* **Task instructions**: The result should be an exact copy of only the lines from the one with "进入扫描页,请先选择配送日期" through the last line of the data below, with pictures omitted.

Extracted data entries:

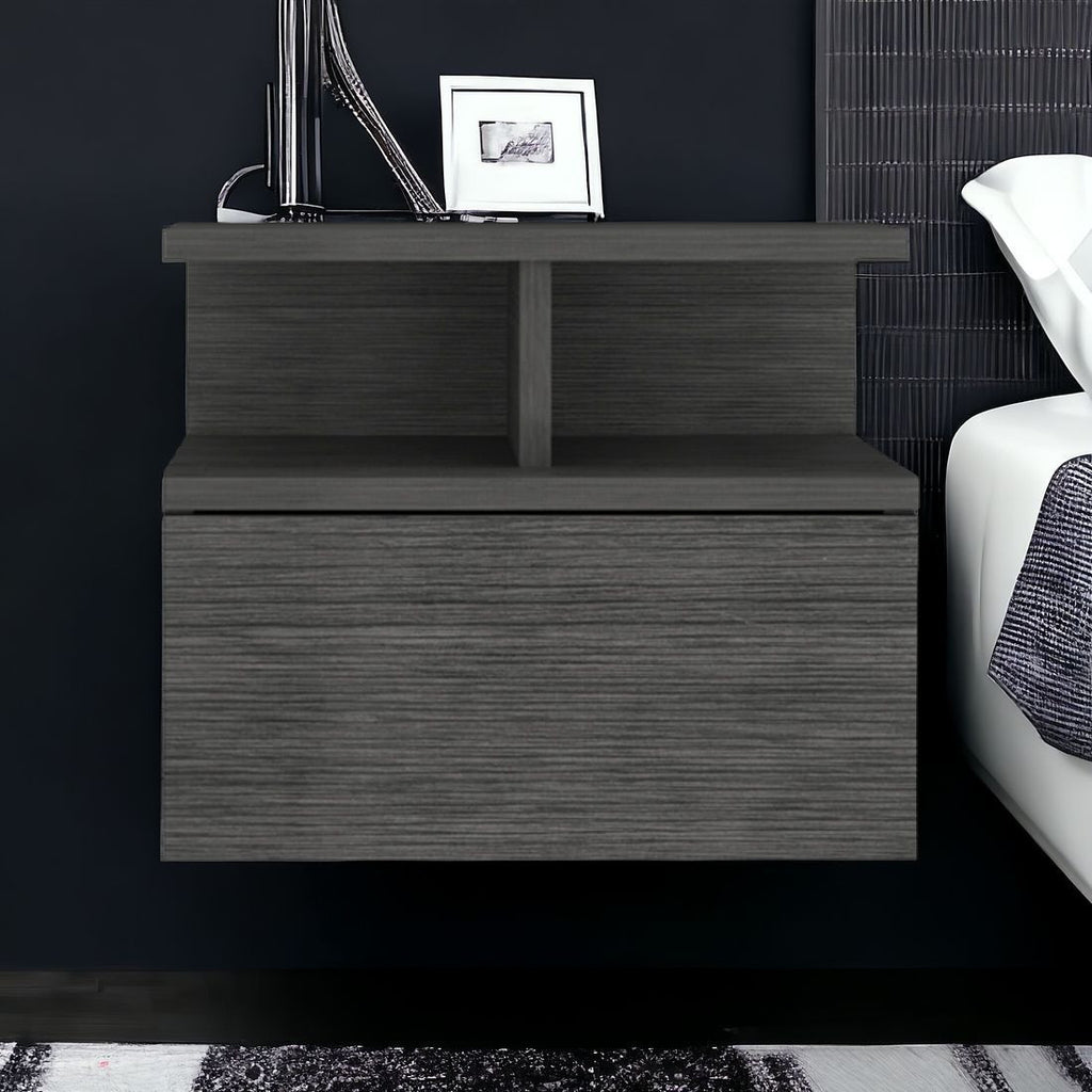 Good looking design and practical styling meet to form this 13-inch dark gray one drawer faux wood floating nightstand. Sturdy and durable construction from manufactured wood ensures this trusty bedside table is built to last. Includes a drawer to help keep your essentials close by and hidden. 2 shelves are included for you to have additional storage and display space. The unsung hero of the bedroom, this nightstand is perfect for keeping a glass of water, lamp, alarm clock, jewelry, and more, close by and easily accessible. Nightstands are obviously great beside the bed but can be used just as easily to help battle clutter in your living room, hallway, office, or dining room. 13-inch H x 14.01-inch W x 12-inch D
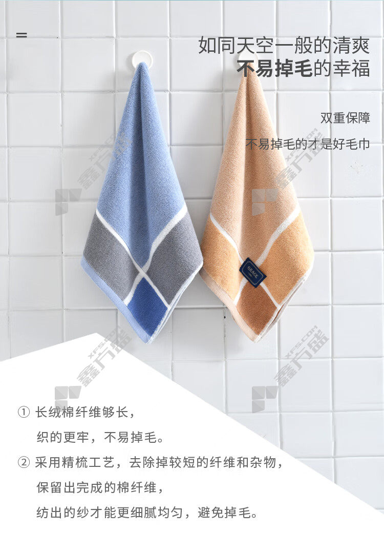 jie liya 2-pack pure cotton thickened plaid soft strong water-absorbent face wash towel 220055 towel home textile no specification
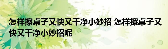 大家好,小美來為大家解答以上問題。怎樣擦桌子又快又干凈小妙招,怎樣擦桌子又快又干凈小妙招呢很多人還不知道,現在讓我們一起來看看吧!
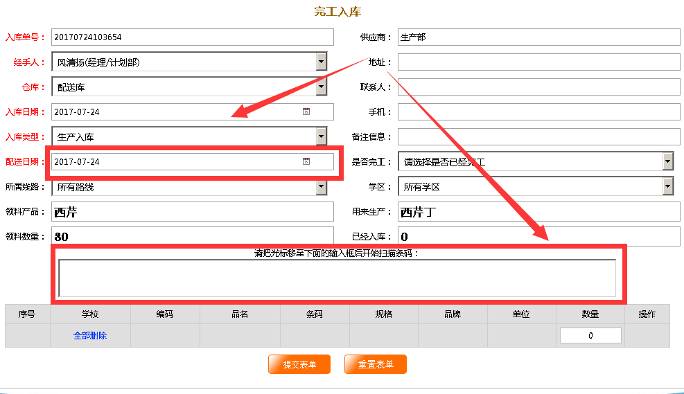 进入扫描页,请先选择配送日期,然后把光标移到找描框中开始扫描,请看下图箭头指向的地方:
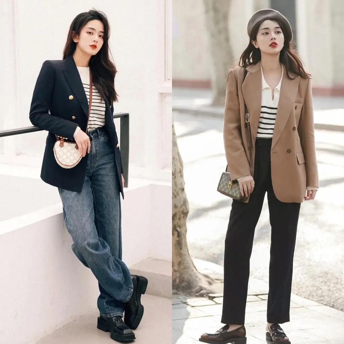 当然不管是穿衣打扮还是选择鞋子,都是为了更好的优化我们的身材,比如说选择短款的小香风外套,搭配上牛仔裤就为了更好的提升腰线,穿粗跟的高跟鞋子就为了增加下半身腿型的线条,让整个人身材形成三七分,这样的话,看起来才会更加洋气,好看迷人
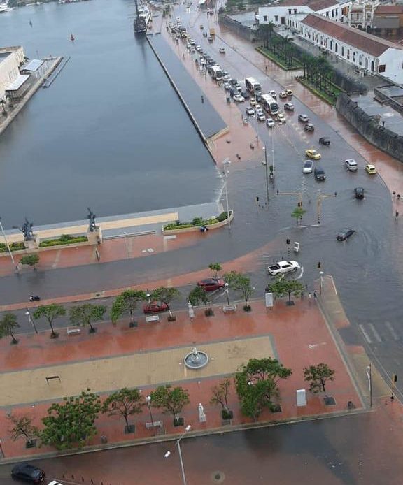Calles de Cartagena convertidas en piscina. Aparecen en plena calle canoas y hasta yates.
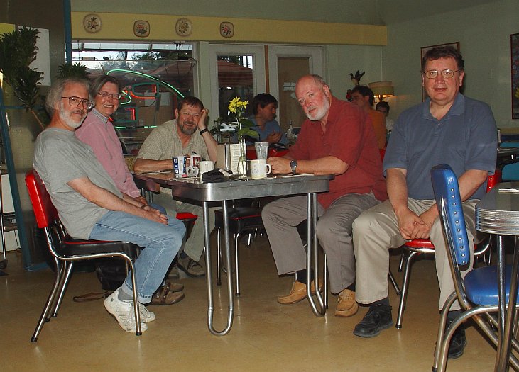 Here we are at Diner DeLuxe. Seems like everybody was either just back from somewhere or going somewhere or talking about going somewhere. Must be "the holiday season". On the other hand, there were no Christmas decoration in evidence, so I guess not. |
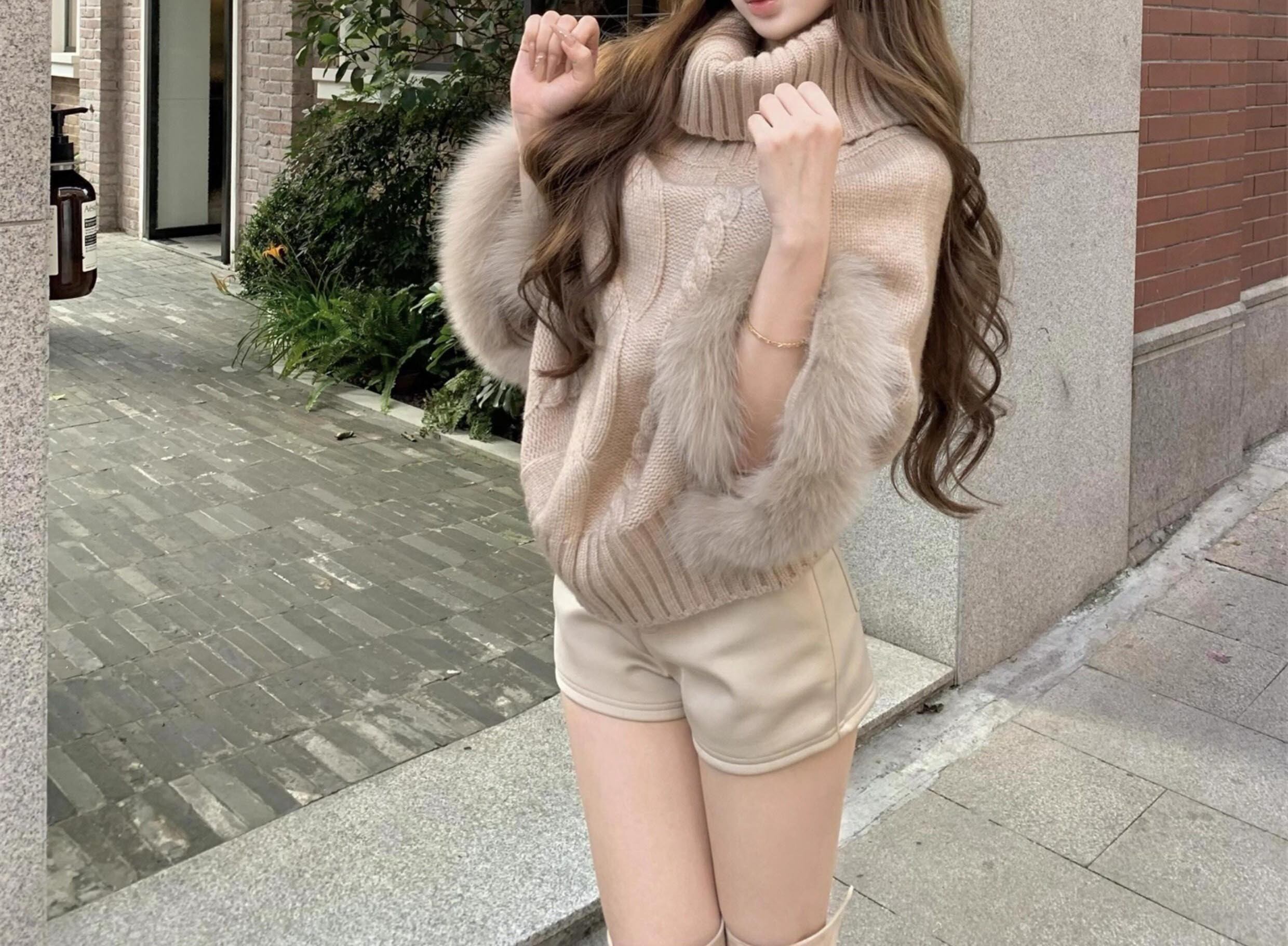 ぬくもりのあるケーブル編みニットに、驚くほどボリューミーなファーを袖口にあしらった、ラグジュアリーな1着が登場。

* **Output**:
 进入扫描页,请先选择配送日期,然后把光标移到找描框中开始扫描,请看下图箭头指向的地方:
 当然不管是穿衣打扮还是选择鞋子,都是为了更好的优化我们的身材,比如说选择短款的小香风外套,搭配上牛仔裤就为了更好的提升腰线,穿粗跟的高跟鞋子就为了增加下半身腿型的线条,让整个人身材形成三七分,这样的话,看起来才会更加洋气,好看迷人
Calles de Cartagena convertidas en piscina. Aparecen en plena calle canoas y hasta yates.
 Here we are at Diner DeLuxe. Seems like everybody was either just back from somewhere or going somewhere or talking about going somewhere. Must be "the holiday season". On the other hand, there were no Christmas decoration in evidence, so I guess not. |
 ぬくもりのあるケーブル編みニットに、驚くほどボリューミーなファーを袖口にあしらった、ラグジュアリーな1着が登場。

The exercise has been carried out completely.